Good question. You measure it based on the quality of the service that you bring, and the satisfaction of the residents and their families. We’re a big operation — we’re about a $145 million-a-year business with 2,500 employees. And we’re like an iceberg — you only see a portion of [the entire organization]. My job is judged on the quality of the services that we give, the satisfaction of the employees and the satisfaction of the patients. We have to run it like a business, but any [profit] dollars that may be made are just plowed right back into the quality of the services that we deliver.

What would you like people in the business community to know about Masonicare that they might not know now?

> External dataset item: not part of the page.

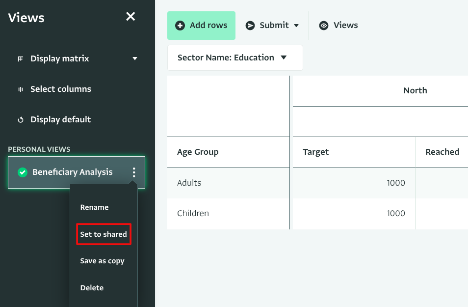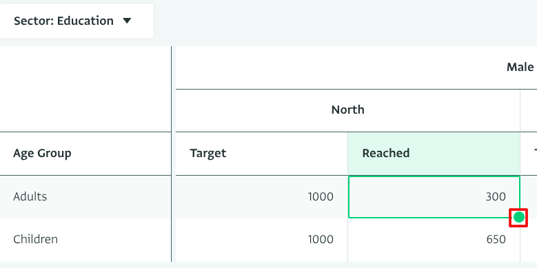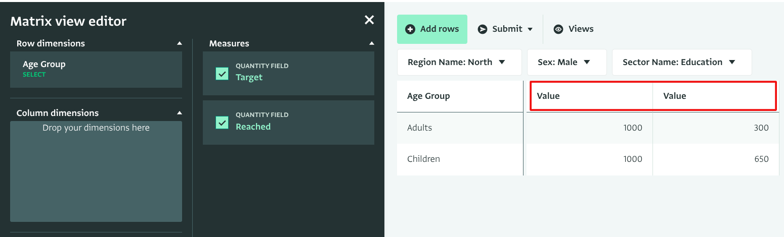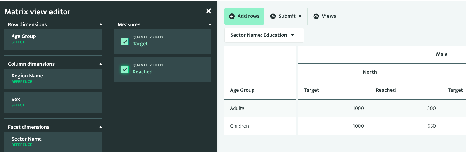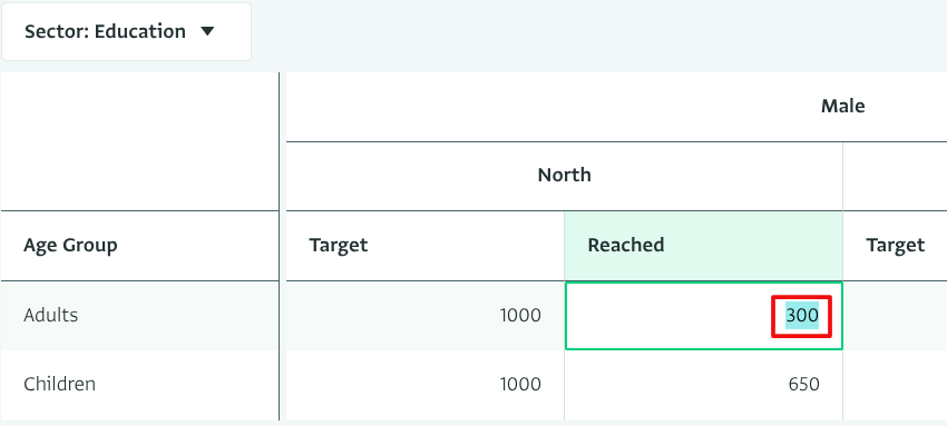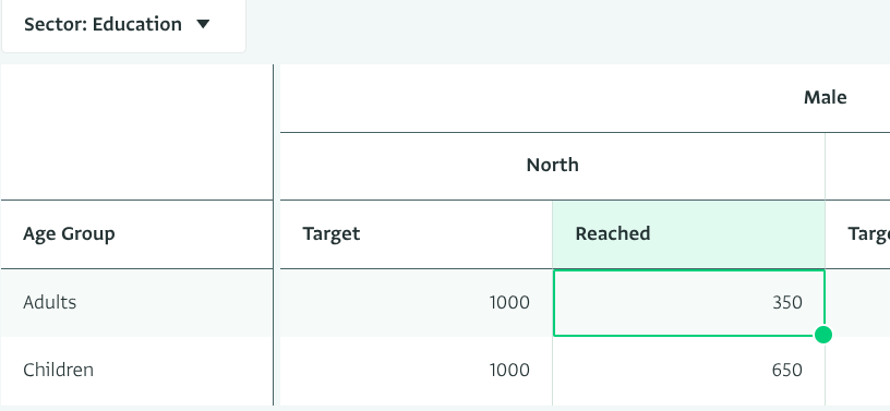 Example of a Matrix View showing the number of male adults and children beneficiaries reached in the education sector in the North region.

Number one, that the services we provide [encompass] a full range of programs. One of the things that many businesses don’t realize is that they have adult children who are coming to work and worrying about their parents. Programs such as our geriatric-assessment program, whereby an individual comes in and is assessed not just from a medical standpoint, but from a social standpoint, from [the perspective of] an occupational therapist. Is the person taking the right medications is one [factor]. Is the person really able to function in [his or her] own home independently? And if not independently, how can they stay in the home as independently as possible? Our Connecticut VNA has a memory-loss program that will help people in their home.

More generally, Masonicare is a resource that businesses can use to assist them in easing the burden of their adult-children or even their senior employees and their spouses.